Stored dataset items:
<<<<
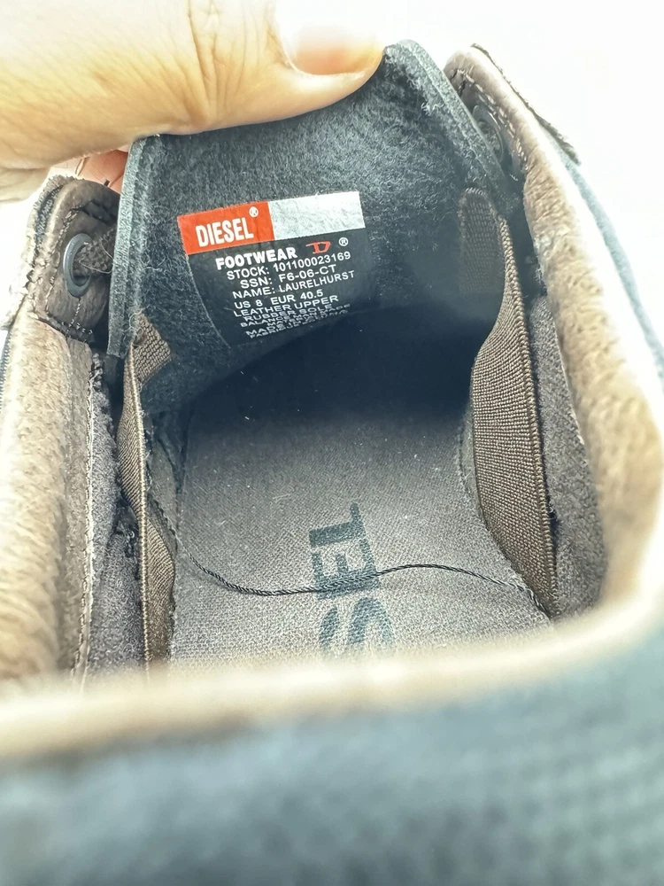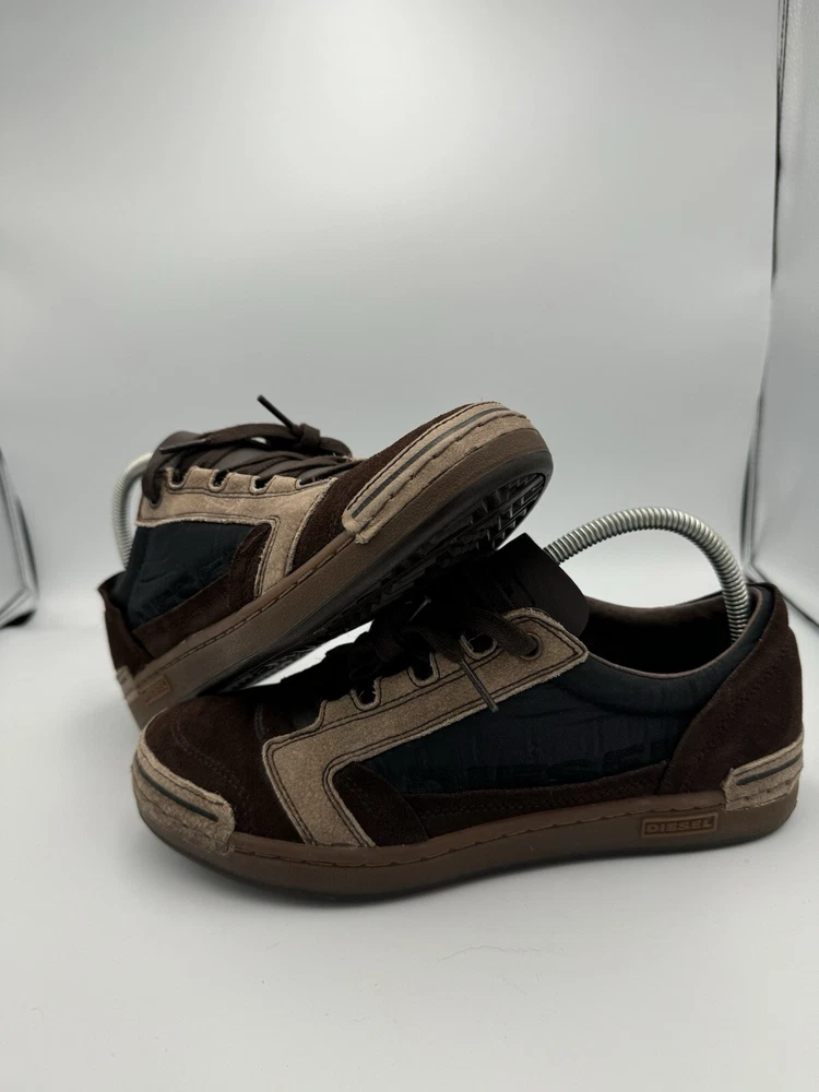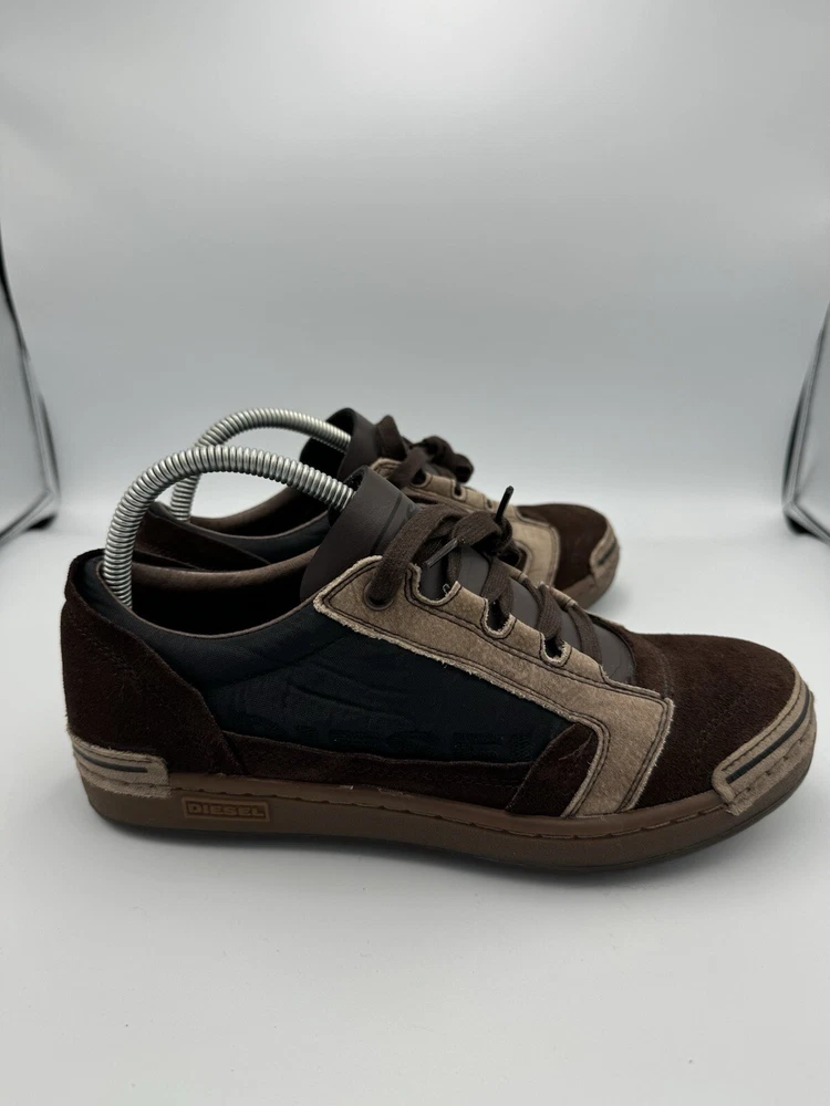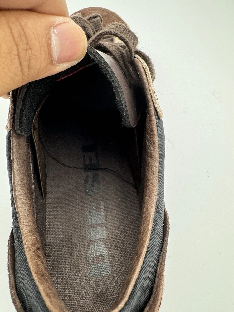 Elevate your style and performance with these Deisel sneakers for women in size 8. Perfect for boxing or any other athletic activity, these brown sneakers are designed to provide comfort and support. With the iconic Deisel branding, these shoes are a must-have for any sneakerhead. Whether you're hitting the gym or running errands, these sneakers are versatile enough to match any outfit. Don't miss out on the opportunity to add these high-performance shoes to your collection. IF YOU GUYS HAVE ANY QUESTION ABOUT THE ITEM FEEL FREE TO SEND ME A MESSAGE SOLD AS IS PLEASE SEE ALL THE PICTURES BEFORE BUYING TO SEE CONDITION WHAT YOU SEE IS WHAT YOU GET DO NOT HESITATE TO SEND A REASONABLE OFFER ORDERS WILL BE SHIPPED OUT IN A WATER PROOF POLY MAILER THANK YOU FOR YOUR TIME HAVE A GOOD ONE
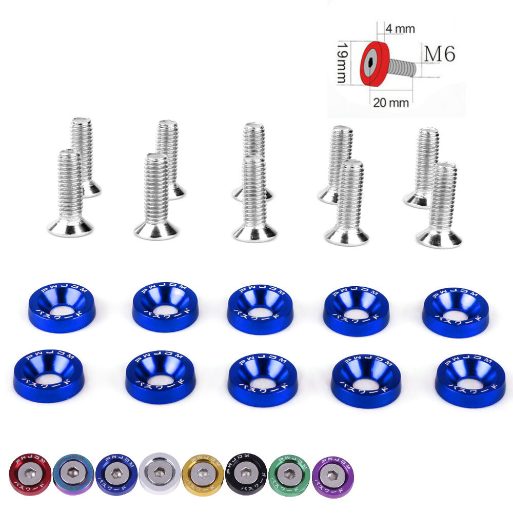 Specifications: Material : Aluminum,Stainless Steel Applicable: Universal Color: Black, Red, Blue, Purple, Gold Package :10pcs Bolts + 10pcs Washers Color: Black, R ed, Blue, Green, Purple, Silver, Gray (As Pictures Show) Product Features: • High-Quality Materials: Made from durable stainless steel and anodized aluminum, ensuring long-lasting performance and resistance to corrosion. • Universal Fit: Designed to fit most car models, making them versatile and easy to use for various automotive projects. • Stylish Design: The JDM style adds a sleek and sporty look to your vehicle, enhancing its overall aesthetic. • Easy Installation: Simple to install with basic tools, no special skills required. Package Includes: • 10 x Stainless Steel Bolts • 10 x Anodized Aluminum Washers
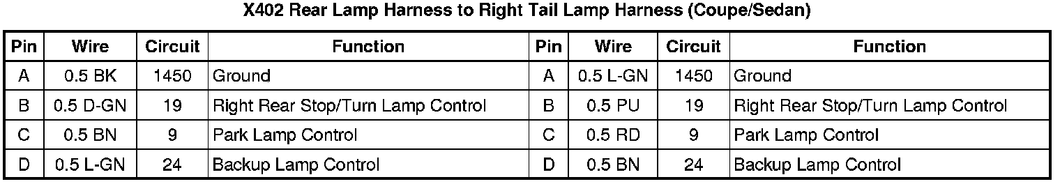 X402 Rear Lamp Harness to Right Tail Lamp Harness (Coupe/Sedan)
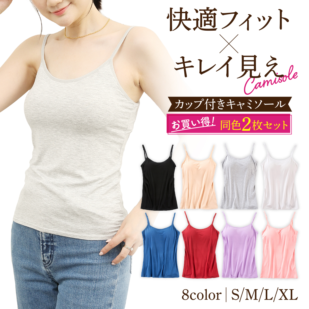 快適フィット×キレイ見え! カップ付き キャミソール 2枚セット
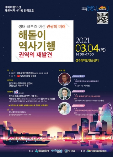 한편, 해돋이역사기행 관광포럼에 참여하기를 원하는 사람은 3월4일(목)까지 사전접수(http://naver.me/GJrGMHdE) 후 온라인으로 참여할 수 있다. 사전 신청자에 한하여 실시간으로 시청 가능한 유튜브 링크가 전송된다.
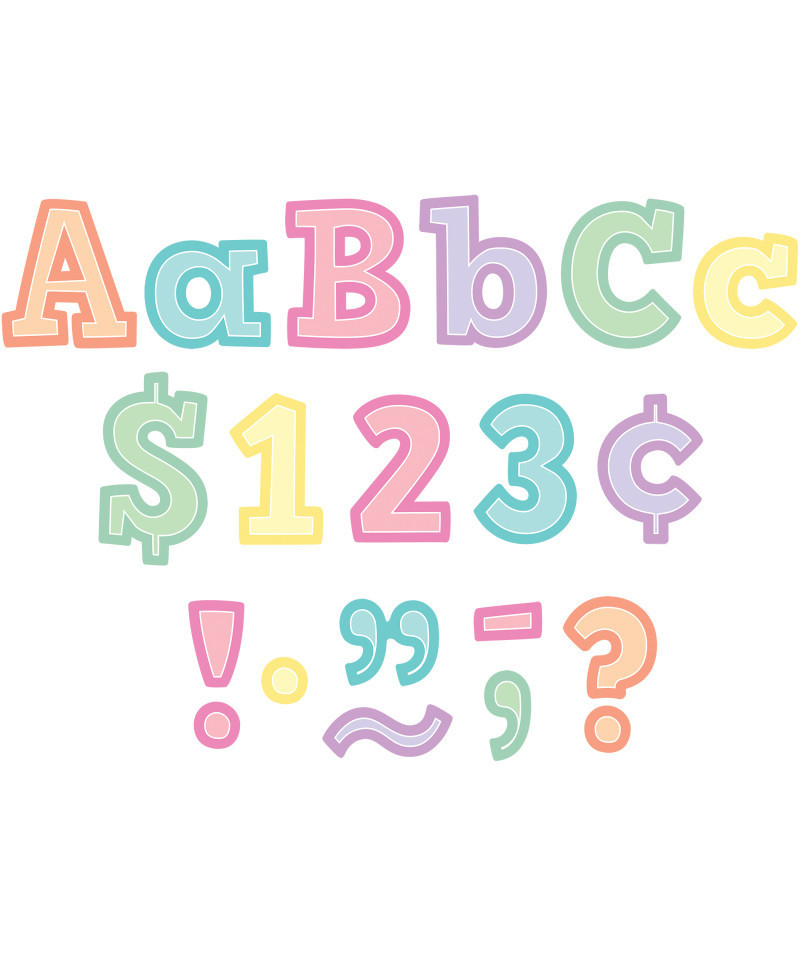 Use these letters to create bulletin boards, classroom centers, signs, banners, and other displays. They punch out easily and are coated for durability. Each pack includes 230 total pieces: 61 uppercase letters, 95 lowercase letters, 20 numbers 0 to 9, 40 punctuation marks, 14 Spanish accent marks. Sold as 2 packs for a total of 460 pieces.
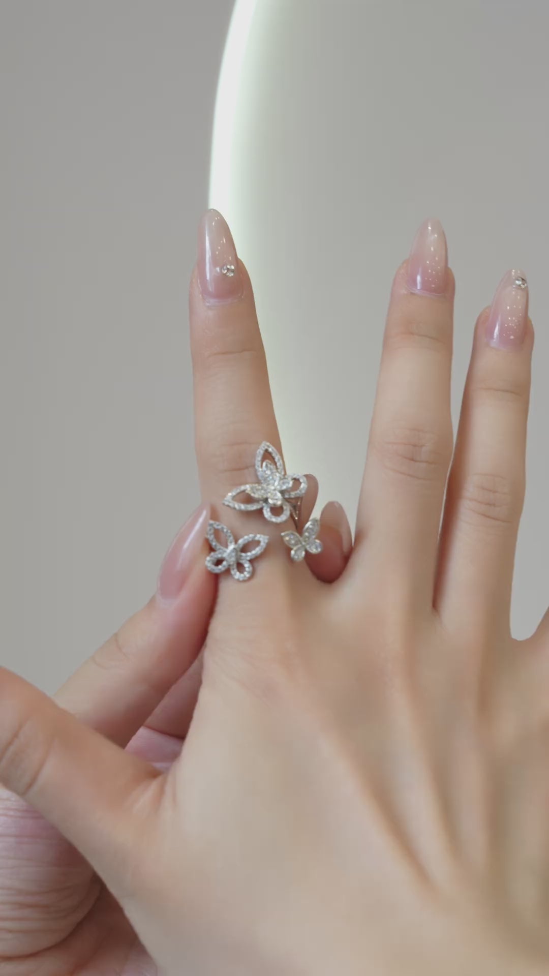 #1043【キラキラ蝶】ファッション三蝶透かし開口ダイヤモンドいっぱいの指輪(925 銀)
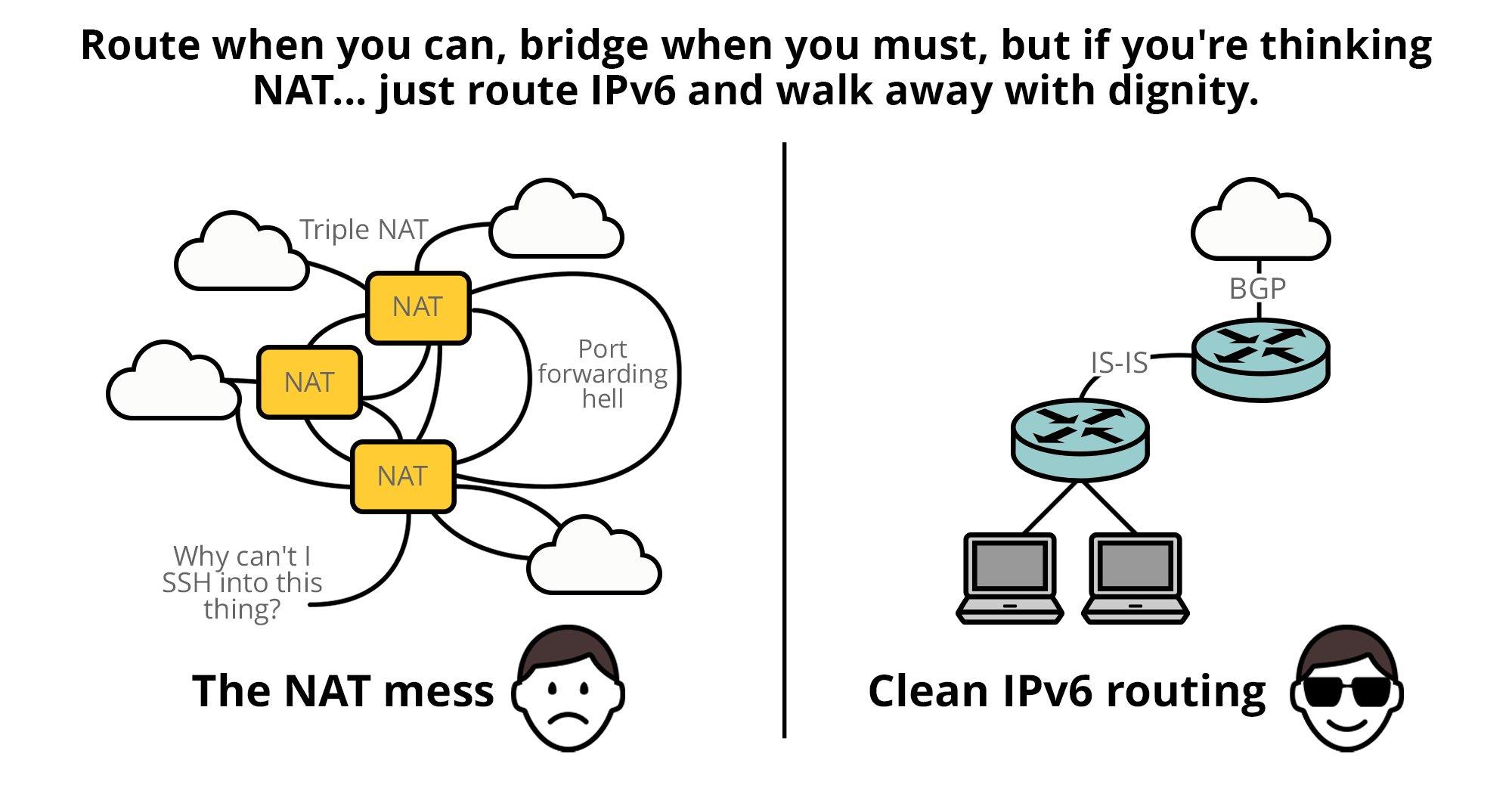 Wow, multiple responses to this one, and not one of them is somebody defending how great NAT is, and/or how IPv6 is too hard, doesn't actually fix any real problems, etc....
>>>>
### THE PROBLEM:
Your copy should match the records above exactly, except that it contains no pictures.

### REPLY TO THE TASK:
 Elevate your style and performance with these Deisel sneakers for women in size 8. Perfect for boxing or any other athletic activity, these brown sneakers are designed to provide comfort and support. With the iconic Deisel branding, these shoes are a must-have for any sneakerhead. Whether you're hitting the gym or running errands, these sneakers are versatile enough to match any outfit. Don't miss out on the opportunity to add these high-performance shoes to your collection. IF YOU GUYS HAVE ANY QUESTION ABOUT THE ITEM FEEL FREE TO SEND ME A MESSAGE SOLD AS IS PLEASE SEE ALL THE PICTURES BEFORE BUYING TO SEE CONDITION WHAT YOU SEE IS WHAT YOU GET DO NOT HESITATE TO SEND A REASONABLE OFFER ORDERS WILL BE SHIPPED OUT IN A WATER PROOF POLY MAILER THANK YOU FOR YOUR TIME HAVE A GOOD ONE
 Specifications: Material : Aluminum,Stainless Steel Applicable: Universal Color: Black, Red, Blue, Purple, Gold Package :10pcs Bolts + 10pcs Washers Color: Black, R ed, Blue, Green, Purple, Silver, Gray (As Pictures Show) Product Features: • High-Quality Materials: Made from durable stainless steel and anodized aluminum, ensuring long-lasting performance and resistance to corrosion. • Universal Fit: Designed to fit most car models, making them versatile and easy to use for various automotive projects. • Stylish Design: The JDM style adds a sleek and sporty look to your vehicle, enhancing its overall aesthetic. • Easy Installation: Simple to install with basic tools, no special skills required. Package Includes: • 10 x Stainless Steel Bolts • 10 x Anodized Aluminum Washers
 X402 Rear Lamp Harness to Right Tail Lamp Harness (Coupe/Sedan)
 快適フィット×キレイ見え! カップ付き キャミソール 2枚セット
 한편, 해돋이역사기행 관광포럼에 참여하기를 원하는 사람은 3월4일(목)까지 사전접수(http://naver.me/GJrGMHdE) 후 온라인으로 참여할 수 있다. 사전 신청자에 한하여 실시간으로 시청 가능한 유튜브 링크가 전송된다.
 Use these letters to create bulletin boards, classroom centers, signs, banners, and other displays. They punch out easily and are coated for durability. Each pack includes 230 total pieces: 61 uppercase letters, 95 lowercase letters, 20 numbers 0 to 9, 40 punctuation marks, 14 Spanish accent marks. Sold as 2 packs for a total of 460 pieces.
 #1043【キラキラ蝶】ファッション三蝶透かし開口ダイヤモンドいっぱいの指輪(925 銀)
 Wow, multiple responses to this one, and not one of them is somebody defending how great NAT is, and/or how IPv6 is too hard, doesn't actually fix any real problems, etc....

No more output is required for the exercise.